** LISTED RECORDS **
• • • • • • •

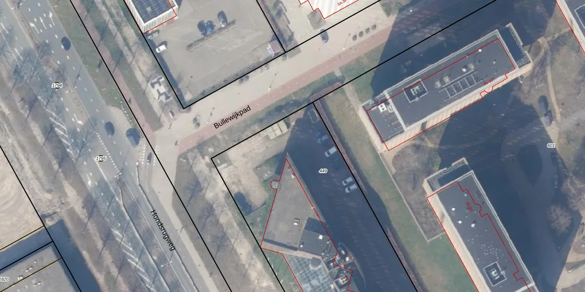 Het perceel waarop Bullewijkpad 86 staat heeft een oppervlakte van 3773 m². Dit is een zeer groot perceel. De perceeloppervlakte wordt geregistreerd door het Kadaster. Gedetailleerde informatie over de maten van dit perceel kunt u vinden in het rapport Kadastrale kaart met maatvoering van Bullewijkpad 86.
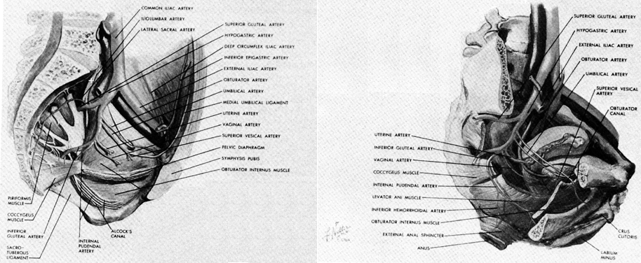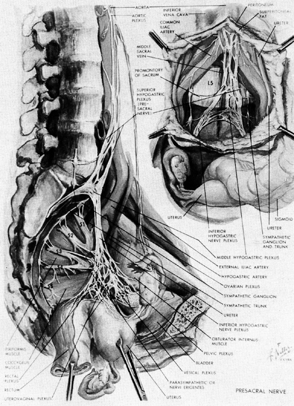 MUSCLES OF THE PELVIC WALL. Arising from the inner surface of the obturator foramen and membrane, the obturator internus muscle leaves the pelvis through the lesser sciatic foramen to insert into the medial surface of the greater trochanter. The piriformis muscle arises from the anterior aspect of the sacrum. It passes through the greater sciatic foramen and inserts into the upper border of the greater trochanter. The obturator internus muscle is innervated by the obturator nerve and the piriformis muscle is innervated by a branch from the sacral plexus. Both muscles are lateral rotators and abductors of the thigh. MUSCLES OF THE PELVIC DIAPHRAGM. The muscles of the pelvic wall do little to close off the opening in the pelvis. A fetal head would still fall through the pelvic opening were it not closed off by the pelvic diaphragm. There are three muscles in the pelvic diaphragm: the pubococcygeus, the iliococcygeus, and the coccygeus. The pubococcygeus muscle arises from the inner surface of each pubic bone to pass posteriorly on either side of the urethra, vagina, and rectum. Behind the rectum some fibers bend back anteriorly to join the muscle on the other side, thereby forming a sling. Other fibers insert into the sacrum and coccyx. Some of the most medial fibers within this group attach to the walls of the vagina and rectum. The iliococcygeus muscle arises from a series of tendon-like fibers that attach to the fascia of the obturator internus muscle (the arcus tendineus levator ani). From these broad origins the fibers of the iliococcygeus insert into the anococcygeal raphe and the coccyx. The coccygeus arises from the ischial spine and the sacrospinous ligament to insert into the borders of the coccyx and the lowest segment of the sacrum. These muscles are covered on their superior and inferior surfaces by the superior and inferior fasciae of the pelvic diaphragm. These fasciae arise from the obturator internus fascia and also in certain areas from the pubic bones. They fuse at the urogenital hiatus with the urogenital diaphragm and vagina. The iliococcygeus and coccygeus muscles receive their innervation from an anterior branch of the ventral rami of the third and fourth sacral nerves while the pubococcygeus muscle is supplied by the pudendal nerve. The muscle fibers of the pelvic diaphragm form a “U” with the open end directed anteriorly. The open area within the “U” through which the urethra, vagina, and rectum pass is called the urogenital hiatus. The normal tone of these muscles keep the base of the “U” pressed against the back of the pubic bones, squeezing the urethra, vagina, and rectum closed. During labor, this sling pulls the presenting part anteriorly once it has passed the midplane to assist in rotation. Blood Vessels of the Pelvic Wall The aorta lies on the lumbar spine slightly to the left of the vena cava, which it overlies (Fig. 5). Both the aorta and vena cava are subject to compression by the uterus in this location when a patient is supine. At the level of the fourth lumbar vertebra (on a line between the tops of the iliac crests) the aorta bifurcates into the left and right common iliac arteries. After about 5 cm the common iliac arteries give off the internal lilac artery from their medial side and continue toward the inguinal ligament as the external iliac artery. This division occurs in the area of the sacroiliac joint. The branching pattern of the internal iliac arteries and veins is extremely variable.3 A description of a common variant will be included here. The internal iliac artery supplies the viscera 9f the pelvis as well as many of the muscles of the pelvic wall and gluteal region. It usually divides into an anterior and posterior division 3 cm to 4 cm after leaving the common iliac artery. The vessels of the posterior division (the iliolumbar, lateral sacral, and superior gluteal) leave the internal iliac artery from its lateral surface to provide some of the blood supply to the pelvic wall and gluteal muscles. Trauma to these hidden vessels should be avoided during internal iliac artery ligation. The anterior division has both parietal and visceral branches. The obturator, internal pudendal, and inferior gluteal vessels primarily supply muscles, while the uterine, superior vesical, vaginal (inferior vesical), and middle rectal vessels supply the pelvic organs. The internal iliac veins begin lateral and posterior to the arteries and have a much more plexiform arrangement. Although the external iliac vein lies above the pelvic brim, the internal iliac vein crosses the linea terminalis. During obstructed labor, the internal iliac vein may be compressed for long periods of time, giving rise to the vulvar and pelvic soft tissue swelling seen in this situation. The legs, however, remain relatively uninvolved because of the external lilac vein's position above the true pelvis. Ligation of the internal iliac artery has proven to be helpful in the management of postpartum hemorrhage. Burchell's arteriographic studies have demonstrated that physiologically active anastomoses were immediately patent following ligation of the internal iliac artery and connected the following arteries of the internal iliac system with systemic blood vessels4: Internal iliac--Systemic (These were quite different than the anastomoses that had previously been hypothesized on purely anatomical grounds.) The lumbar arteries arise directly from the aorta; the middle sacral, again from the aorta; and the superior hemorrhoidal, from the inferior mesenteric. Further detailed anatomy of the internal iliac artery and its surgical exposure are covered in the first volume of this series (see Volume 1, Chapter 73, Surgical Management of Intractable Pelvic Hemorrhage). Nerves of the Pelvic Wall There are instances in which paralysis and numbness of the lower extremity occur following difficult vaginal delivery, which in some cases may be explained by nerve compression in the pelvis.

• • • • • • •

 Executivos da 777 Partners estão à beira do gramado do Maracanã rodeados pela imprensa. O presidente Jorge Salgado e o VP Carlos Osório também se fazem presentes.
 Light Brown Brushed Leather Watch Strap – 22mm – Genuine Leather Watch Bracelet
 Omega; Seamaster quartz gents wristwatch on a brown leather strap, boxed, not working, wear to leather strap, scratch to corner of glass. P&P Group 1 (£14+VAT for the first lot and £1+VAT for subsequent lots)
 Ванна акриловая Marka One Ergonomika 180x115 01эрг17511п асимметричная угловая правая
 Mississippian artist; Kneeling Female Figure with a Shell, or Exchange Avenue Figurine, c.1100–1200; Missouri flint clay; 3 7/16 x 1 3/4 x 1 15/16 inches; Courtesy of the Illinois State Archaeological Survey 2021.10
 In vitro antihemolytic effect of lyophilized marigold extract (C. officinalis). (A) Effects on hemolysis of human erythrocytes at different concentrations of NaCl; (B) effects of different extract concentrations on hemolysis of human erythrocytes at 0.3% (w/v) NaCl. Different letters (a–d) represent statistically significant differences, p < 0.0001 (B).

• • • • • • •

** YOUR ASSIGNMENT **
From the data above, return every line from the line that has "Executivos da 777" up to and including the line that has "Light Brown Brushed", exactly.

** TASK ANSWER **
 Executivos da 777 Partners estão à beira do gramado do Maracanã rodeados pela imprensa. O presidente Jorge Salgado e o VP Carlos Osório também se fazem presentes.
 Light Brown Brushed Leather Watch Strap – 22mm – Genuine Leather Watch Bracelet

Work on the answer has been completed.